» Task objective:
Only one span of the material below is wanted. Output it exactly, from the line with "Из уголка сваривается" through the line with "Díaz 25DP tiếp", without any pictures.

» Input material:
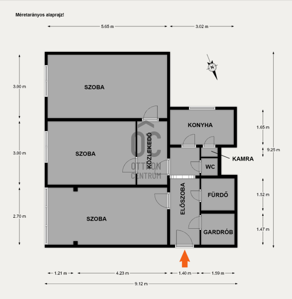 ✅ 3 nagyméretű szoba (17, 15, 12 m2)
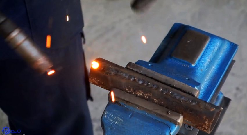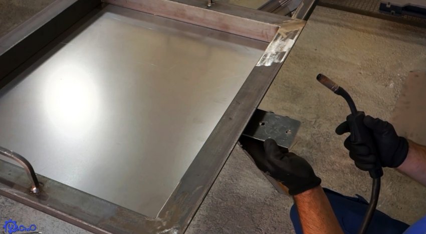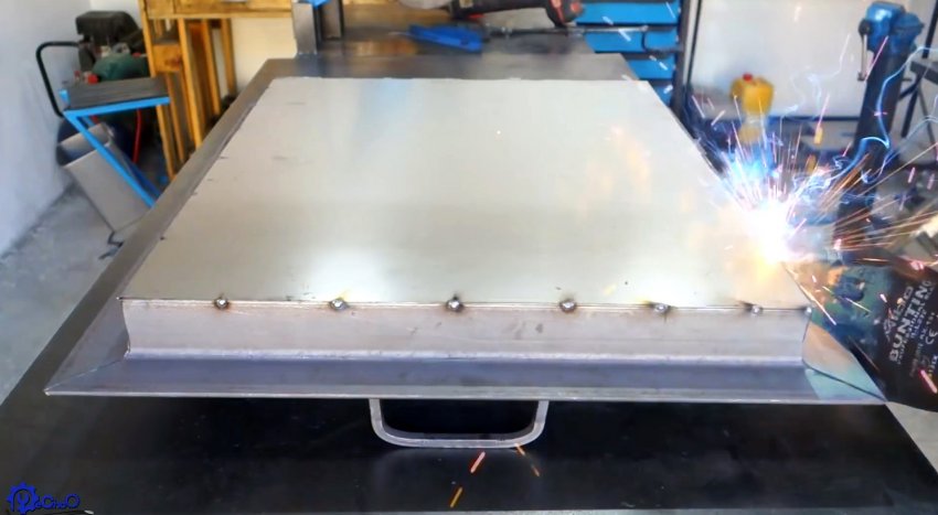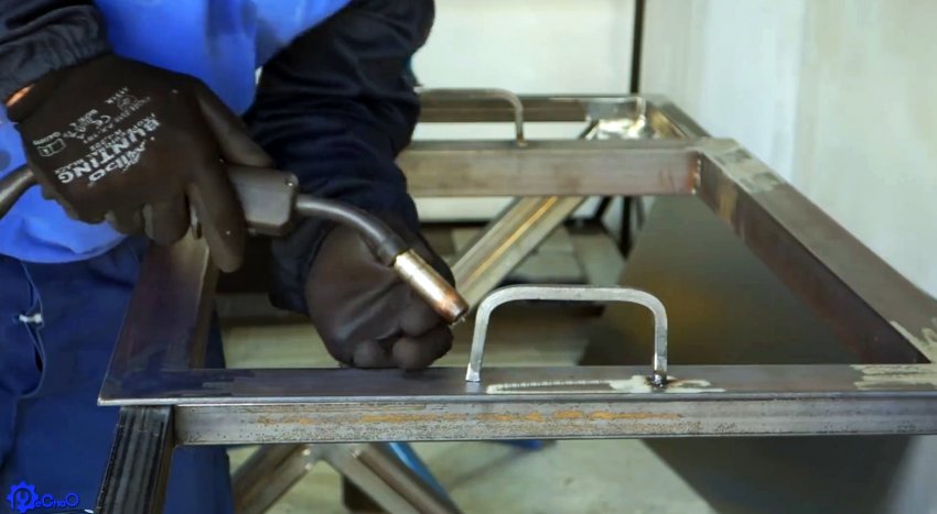 Из уголка сваривается рамка жаровни, которая будет вставляться в центральную ячейку основания столика. К ней привариваются ручки, согнутые из квадрата, и дно из листовой стали.
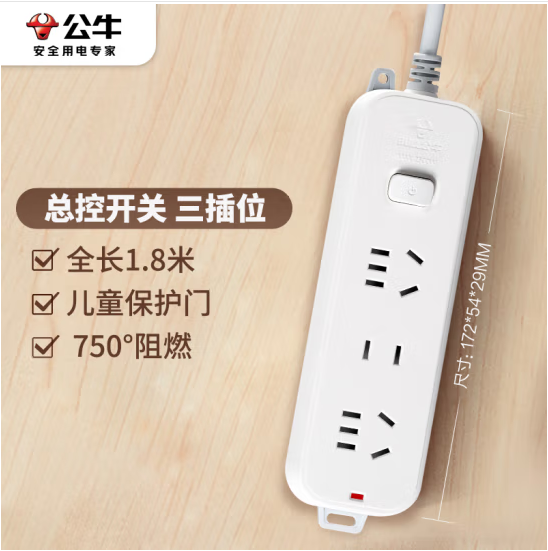 公牛(BULL)插座/插線板/插排/排插/接線板/拖線板 3位總控全長(zhǎng)1.8米
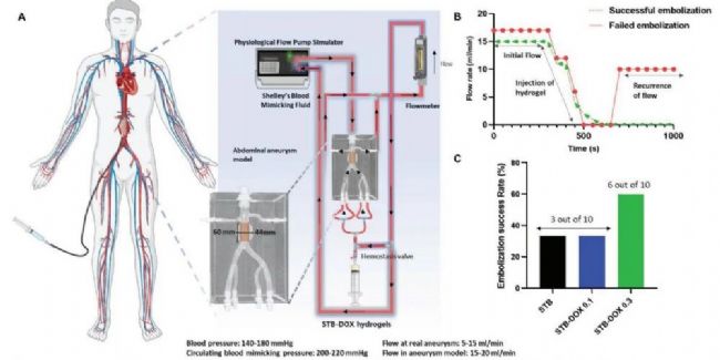腹腔栓塞治療腹主動(dòng)脈瘤(AAAs)在臨床上仍然受到動(dòng)脈內(nèi)膜滲漏復(fù)發(fā)的限制。這些復(fù)發(fā)與內(nèi)皮內(nèi)襯和基質(zhì)金屬蛋白酶(MMPs)介導(dǎo)的動(dòng)脈瘤進(jìn)展導(dǎo)致的再通相關(guān)。因此,來(lái)自美國(guó)川崎生物醫(yī)學(xué)創(chuàng)新研究所的Menekse Ermis、 Ali Khademhosseini與韓國(guó)高麗大學(xué)的Han-Jun Kim聯(lián)合將一種常見的硬化劑和MMPs抑制劑—多西環(huán)素(DOX)結(jié)合到一種剪切變薄生物材料(STB)的血管栓塞水凝膠中,DOX的加入有望通過(guò)抑制MMP活性、促進(jìn)內(nèi)皮清除,同時(shí)防止內(nèi)滲漏。研究結(jié)果表明,含有4.5% w/w硅酸鹽納米血小板和0.3%w/vDOX的STB是可注射的,與沒(méi)有DOX的相比,存儲(chǔ)模量增加兩倍。與未經(jīng)治療的血液相比,STB-DOX水凝膠減少33%的凝血時(shí)間。在體外豬主動(dòng)脈模型中,從水凝膠中爆發(fā)性釋放的DOX在6小時(shí)后顯示出硬化效應(yīng)。7天后,內(nèi)皮細(xì)胞上的水凝膠持續(xù)釋放DOX顯示MMP抑制。該水凝膠成功地阻斷患者來(lái)源的腹部動(dòng)脈瘤模型。多功能STB-DOX水凝膠的硬化和MMP抑制特性可能為有效栓塞血管內(nèi)的動(dòng)脈瘤提供很好的機(jī)會(huì)。
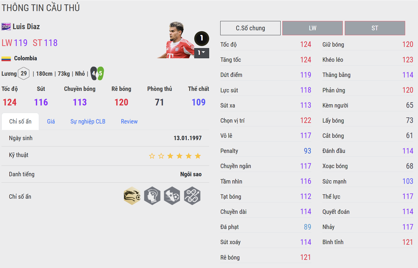 Díaz 25DP tiếp tục thắp sáng tinh thần Nam Mỹ bằng lối chơi giàu cảm xúc và đậm chất ngẫu hứng. Anh sở hữu khả năng rê bóng mềm mại, những pha bứt tốc ngắn đầy bất ngờ và dứt điểm bằng cả hai chân cực gọn. Trong gameplay, Díaz như một cơn gió trên hành lang cánh – nhanh, lắt léo và luôn tiềm ẩn đột biến. Một cầu thủ mang hơi thở tự do, phù hợp với những HLV ưa thích thứ bóng đá giàu nhịp điệu và kỹ thuật.
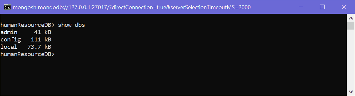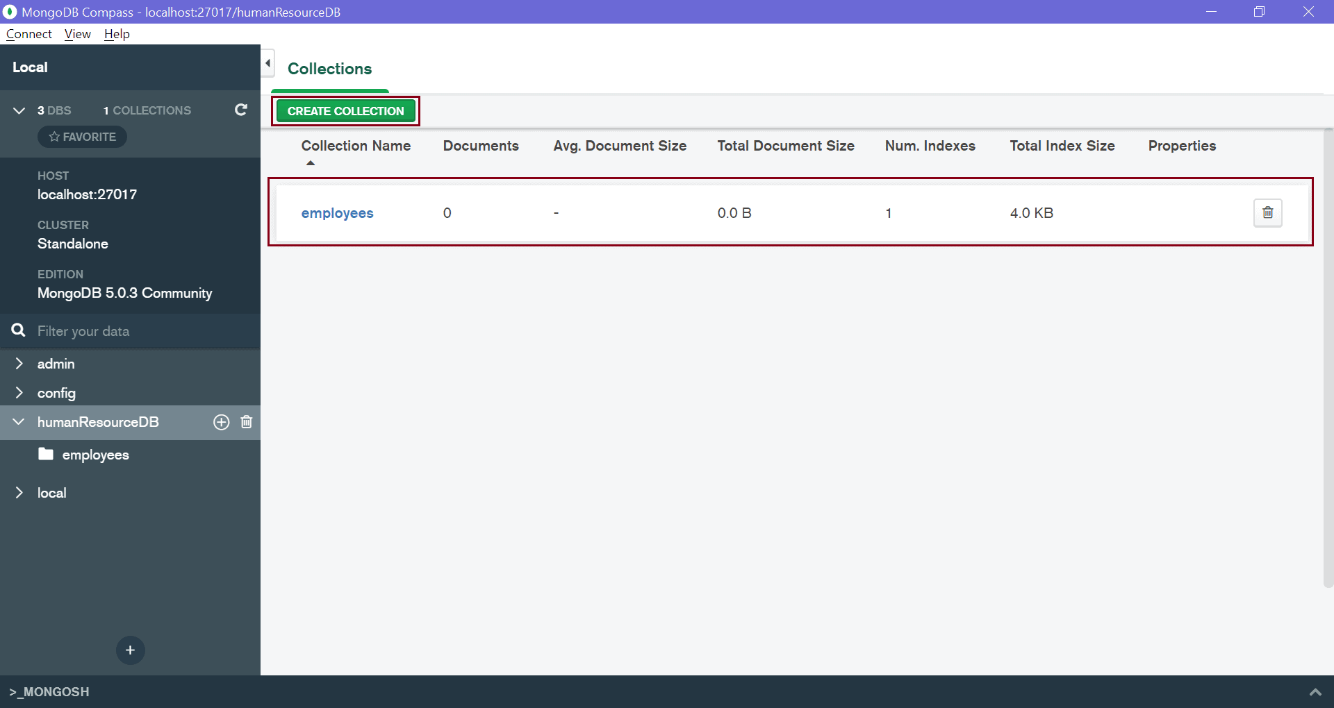همانطور که در قسمت بالا می بینید admin و config و local دیتابیس های پیش فرض و یا اصطلاحاً default هستند. در حال حاضر دیتابیس humanResourceDB در تصویر نشان داده نشده است. دلیل این موضوع نیز آن است که در این دیتابیس در حال حاضر هیچ کالکشنی تعریف نشده است.
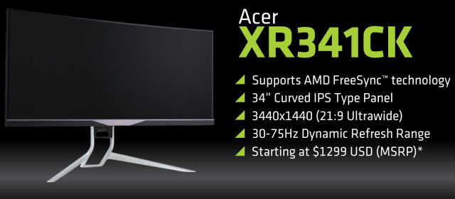 Модель монитора Acer XR341CK интересна тем, что это также IPS-монитор, но размером уже 34 дюйма. А главное — он не просто сверхширокоформатный и с разрешением аж 3440×1440 пикселей, но еще и изогнутый (решение для монитора спорное, но интересное). Эта модель умеет динамически изменять частоту обновления при включенной технологии FreeSync от 30 до 75 Гц.
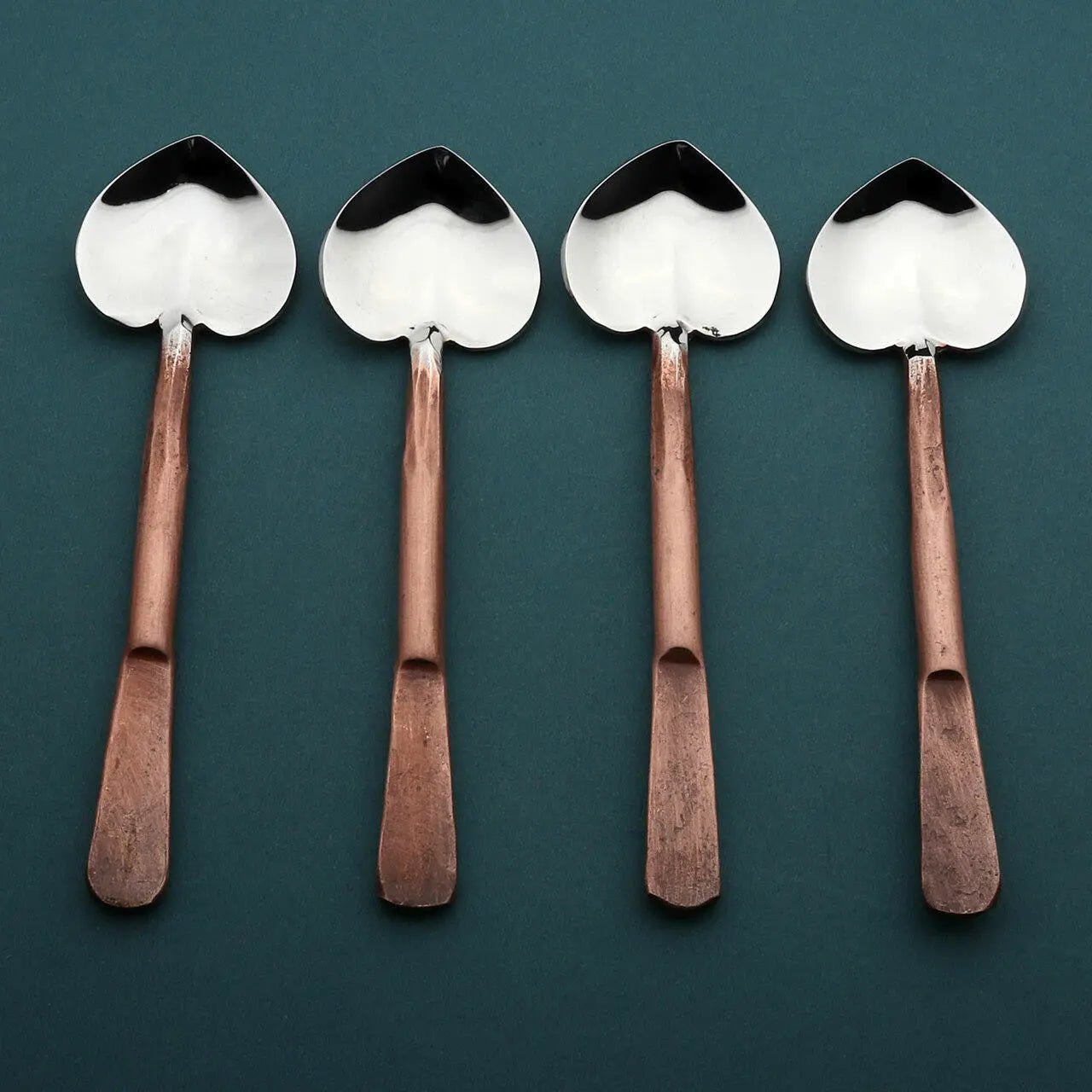 Our Celia Heart Coffee/Dessert Table Spoons bring a loving spoonful of sweetness to your morning coffee or afternoon tea. Mirror-polished heart-shaped spoons fade into faceted antique copper handles with prominent flattened cuffs, lending a striking two-tone contrast. Hand-forged from stainless steel, each set includes 4 heart-shaped table spoons. A thoughtful housewarming, wedding, or anniversary gift for your favorite couple!

» Exercise response:
 Из уголка сваривается рамка жаровни, которая будет вставляться в центральную ячейку основания столика. К ней привариваются ручки, согнутые из квадрата, и дно из листовой стали.
 公牛(BULL)插座/插線板/插排/排插/接線板/拖線板 3位總控全長(zhǎng)1.8米
腹腔栓塞治療腹主動(dòng)脈瘤(AAAs)在臨床上仍然受到動(dòng)脈內(nèi)膜滲漏復(fù)發(fā)的限制。這些復(fù)發(fā)與內(nèi)皮內(nèi)襯和基質(zhì)金屬蛋白酶(MMPs)介導(dǎo)的動(dòng)脈瘤進(jìn)展導(dǎo)致的再通相關(guān)。因此,來(lái)自美國(guó)川崎生物醫(yī)學(xué)創(chuàng)新研究所的Menekse Ermis、 Ali Khademhosseini與韓國(guó)高麗大學(xué)的Han-Jun Kim聯(lián)合將一種常見的硬化劑和MMPs抑制劑—多西環(huán)素(DOX)結(jié)合到一種剪切變薄生物材料(STB)的血管栓塞水凝膠中,DOX的加入有望通過(guò)抑制MMP活性、促進(jìn)內(nèi)皮清除,同時(shí)防止內(nèi)滲漏。研究結(jié)果表明,含有4.5% w/w硅酸鹽納米血小板和0.3%w/vDOX的STB是可注射的,與沒(méi)有DOX的相比,存儲(chǔ)模量增加兩倍。與未經(jīng)治療的血液相比,STB-DOX水凝膠減少33%的凝血時(shí)間。在體外豬主動(dòng)脈模型中,從水凝膠中爆發(fā)性釋放的DOX在6小時(shí)后顯示出硬化效應(yīng)。7天后,內(nèi)皮細(xì)胞上的水凝膠持續(xù)釋放DOX顯示MMP抑制。該水凝膠成功地阻斷患者來(lái)源的腹部動(dòng)脈瘤模型。多功能STB-DOX水凝膠的硬化和MMP抑制特性可能為有效栓塞血管內(nèi)的動(dòng)脈瘤提供很好的機(jī)會(huì)。
 Díaz 25DP tiếp tục thắp sáng tinh thần Nam Mỹ bằng lối chơi giàu cảm xúc và đậm chất ngẫu hứng. Anh sở hữu khả năng rê bóng mềm mại, những pha bứt tốc ngắn đầy bất ngờ và dứt điểm bằng cả hai chân cực gọn. Trong gameplay, Díaz như một cơn gió trên hành lang cánh – nhanh, lắt léo và luôn tiềm ẩn đột biến. Một cầu thủ mang hơi thở tự do, phù hợp với những HLV ưa thích thứ bóng đá giàu nhịp điệu và kỹ thuật.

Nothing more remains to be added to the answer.